As reported by The Australian "Professor Chubb said the RQF, properly designed, could redirect money and student places to the most active research universities. This would undo that part of the Dawkins reforms that led to funds being clawed away from the pre-Dawkins universities to fund research in the new universities. 'So there is a lot at stake: for universities, for future HDR [higher degree by research] students, for the Government and, ultimately, for Australia.'"

 

Unfortunately left unanswered are the steps that need to be followed to transform the Australian tertiary educational/research sector into a high performance "organism".

 

Just for arguments sake, below are six point with which to open:

  1. Decide what are the appropriate number of research universities the nation should support as public institutions and where they should be located. For Australia perhaps it's 15 perhaps 20, but it's not 38 nor is it 8.

  2. There is a basic block grant support needed which should be progressively downsized as the overhead percentage for research grants is increased so as to meet the real costs defrayed by institutions supporting and administrating research grantees - If the government insists on short changing the system the way it's been doing, no matter how matters are manipulate, our research universities will remain under achieving. The block grant allows the university to have discretionary powers in assisting staff with, for example, funding for new promising research but whose proposers as yet have little in the way of a track record.

  3. Provide an outstanding peer review system which usefully seeks reviewers beyond the nation's borders.

  4. Awarding research funding on the basis of peer review and allowing for useful overhead percentages is essential.

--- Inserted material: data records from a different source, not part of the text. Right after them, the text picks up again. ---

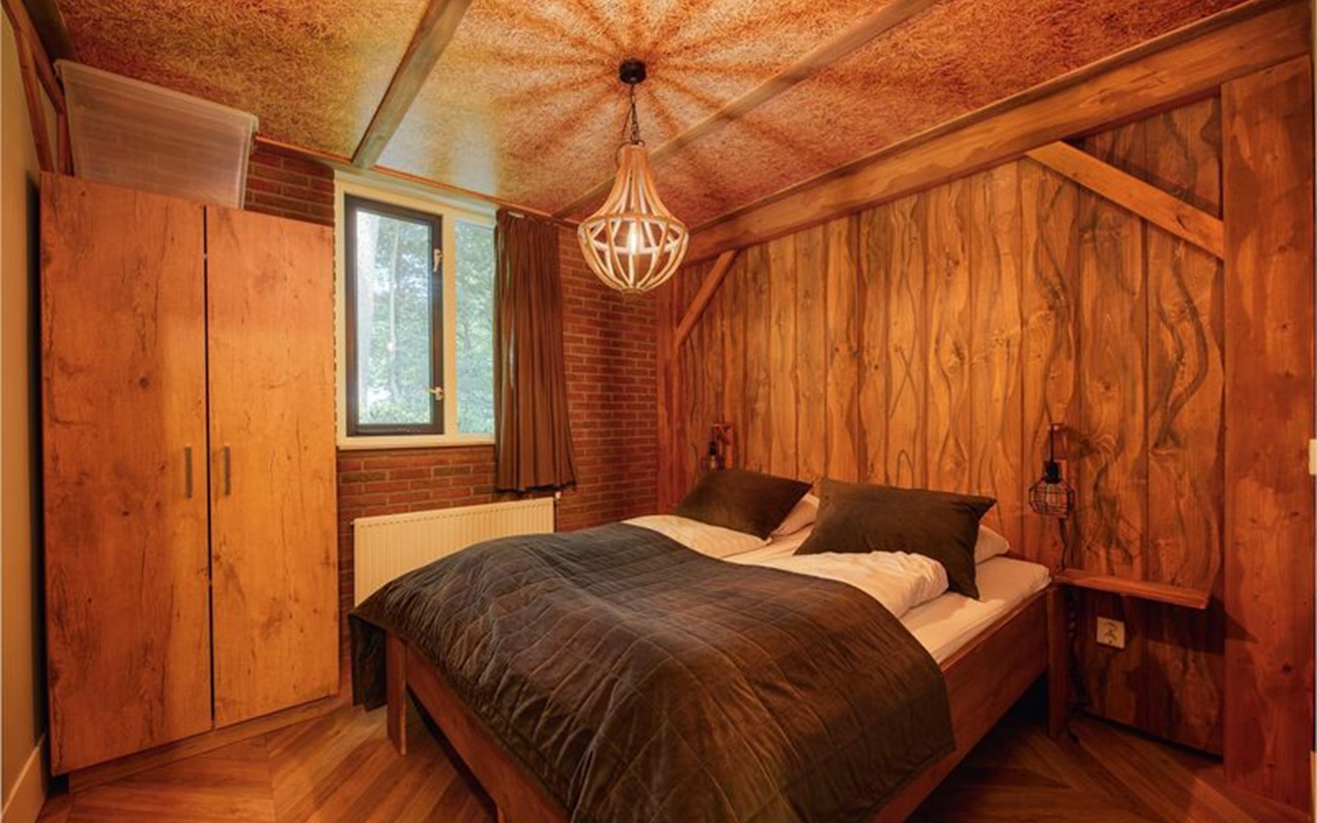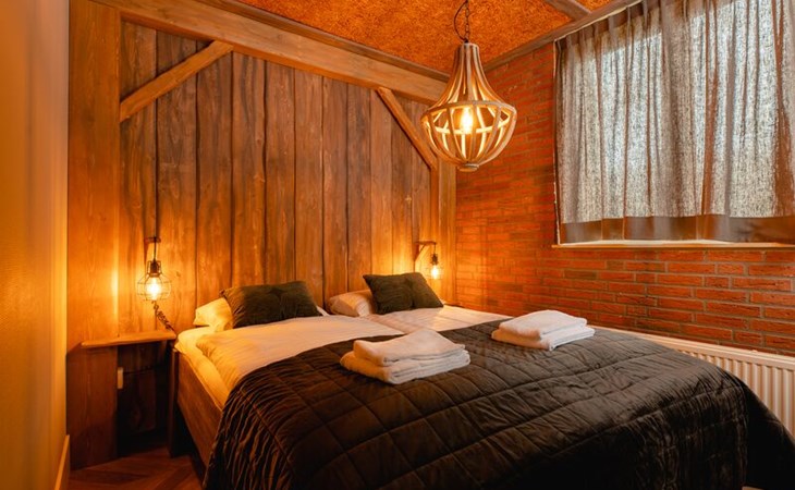 • Elternschlafzimmer mit Doppelbett, wie eine edle Heuscheune gestaltet
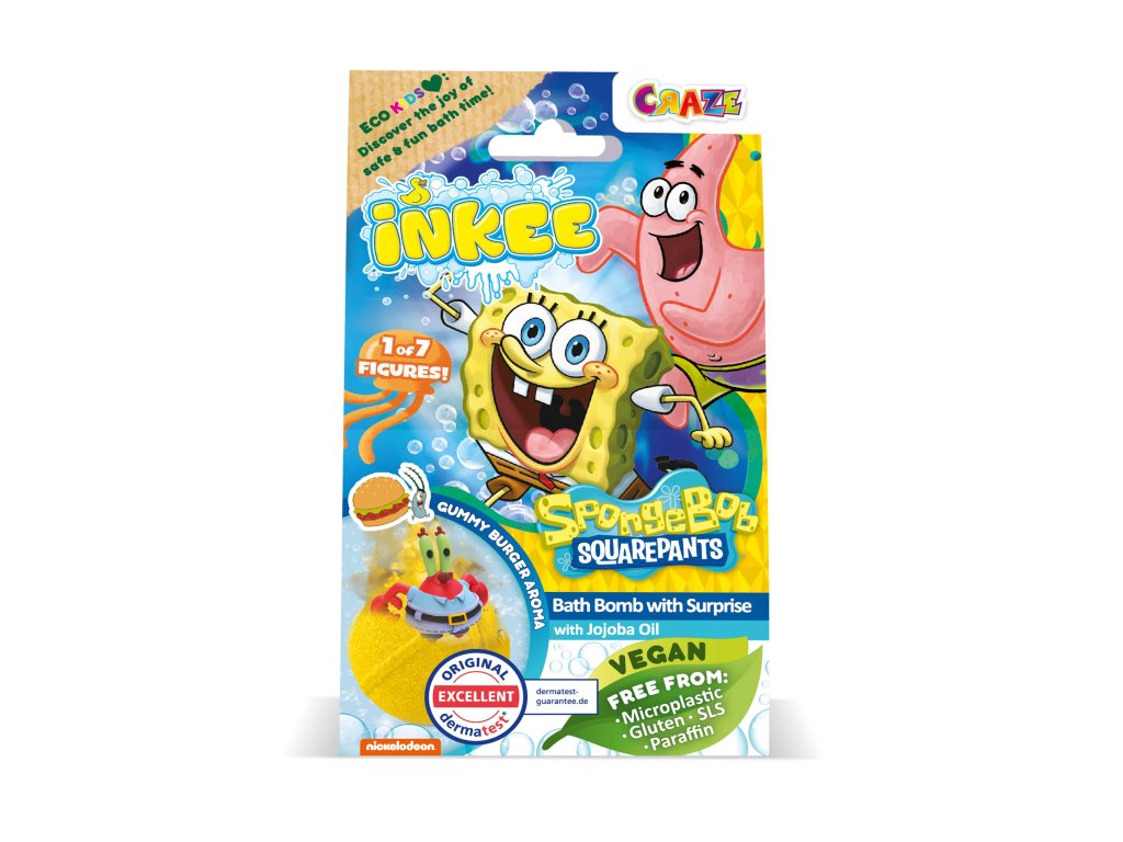 INKEE Surprise Bath Bomb s motivem SpongeBoba nabízí skvělou koupací zábavu pro všechny fanoušky této ikonické postavičky. Po vhození do vody se bomba začne intenzivně rozpouštět, zbarví vodu do zářivě žluté nebo tyrkysové a provoní celou koupelnu vůní gumových burgerů.
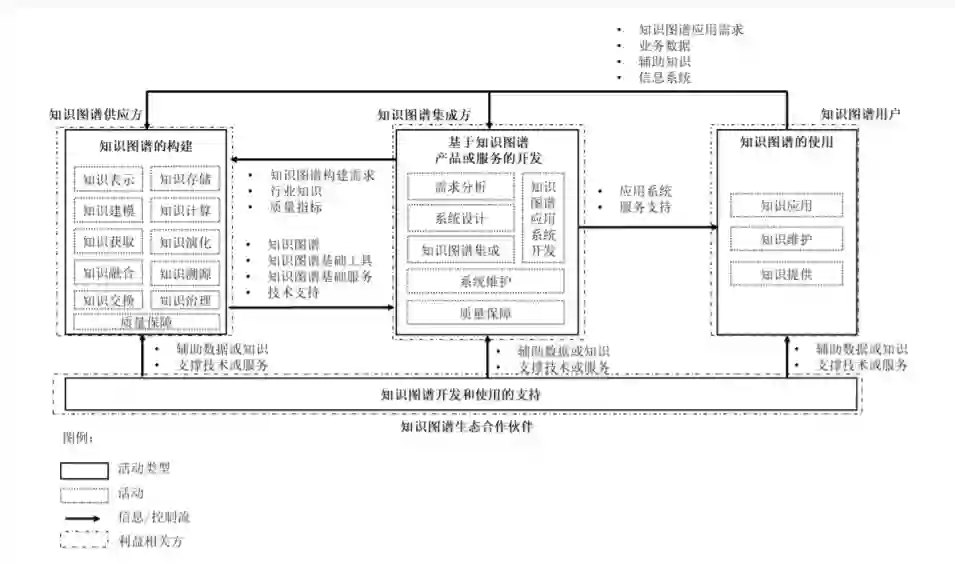 1) 知识图谱供应方:主要执行知识图谱的构建和提供活动;
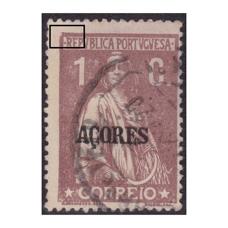 Sobrecarga Açores Dupla - Selo nº 150, variedade de cliche XXI em papel pontinhado vertical e denteado 15X14. Exemplar em boas condições.
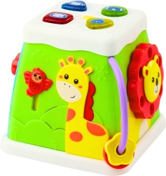 Das Spielzeug ist aus hochwertigen Materialien ohne scharfe Kanten gefertigt und bietet lebendige Farben, die die Aufmerksamkeit des Kindes auf sich ziehen. Dank der Licht-, Ton- und Bewegungselemente lernt das Kind, neue Funktionen zu entdecken und seine Fähigkeiten weiterzuentwickeln.
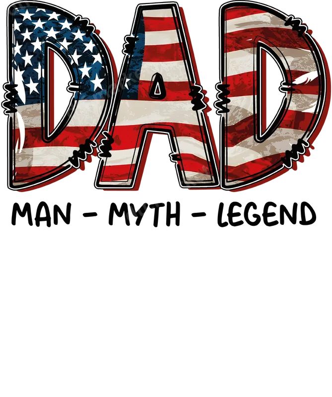 See allThis bold DTF transfer proudly features the word 'DAD' in a distressed American flag pattern, outlined with a rugged, stitched effect. Below, the classic phrase 'MAN - MYTH - LEGEND' completes the design, celebrating the heroic dads in your life. This striking heat press ready design is perfect for creating unique apparel that stands out, embodying strength, patriotism, and paternal pride. Ideal for Father's Day gifts, birthdays for dads, grandfathers, or any father figure. This versatile heat transfer is also excellent for patriotic holidays like the 4th of July, Memorial Day, or Veterans Day, allowing you to showcase American pride. It's a fantastic choice for family gatherings, casual wear, or creating custom iron on decals for military families and proud American dads. Applying this ready to press transfer is simple and efficient. It adheres beautifully to a wide range of fabric types, including cotton, polyester, and blends. For best results, use a heat press at 300-325°F for 15 seconds with medium pressure, then peel cold. While a heat press is recommended, a household iron can also be used. Enjoy the convenience of no weeding, making apparel decoration quick and easy. Experience exceptional quality with our direct to film transfers. Each t-shirt transfer boasts vibrant colors, superior stretchability, and excellent wash durability, ensuring your design remains crack-resistant and soft to the touch. Made with professional-grade DTF film and strong adhesive, these apparel transfers are designed for longevity, providing a premium finish that feels lightweight and looks fantastic on any garment.
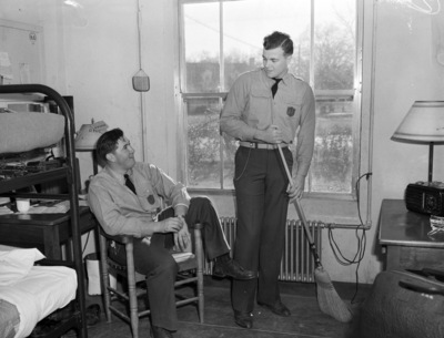 Cadets at the Agricultural and Mechanical College of Texas (A. & M.) after the war-time ban on personal service by freshmen to upperclassmen. O. S. Wyatt Junior, freshman, of Navasota, Texas, watches as Fred Buckland, sophomore, of Harlingen, Texas, sweeps his own room. The students are dressed in their cadet uniforms. Wyatt is sitting in a chair.

Stop being obsessed with top-down research prioritisation.

  5. Encourage collaboration's within and between institutions without press ganging.

  6. When it comes to major capital equipment, funding for its provision should be determined principally on a case by case basis on what are the best arguments made based on the quality of the research proposed and the ability of those proposing it to carry it out - and not on the basis of what the Federal Cabinet has decided are research priorities.

There's more but it's a beginning position.

 

Handing funding to the Group of Eight per se just because it is the Go8 is asking for trouble.  Spreading insufficient resources to keep the natives from getting too restless is an alternative stupidity.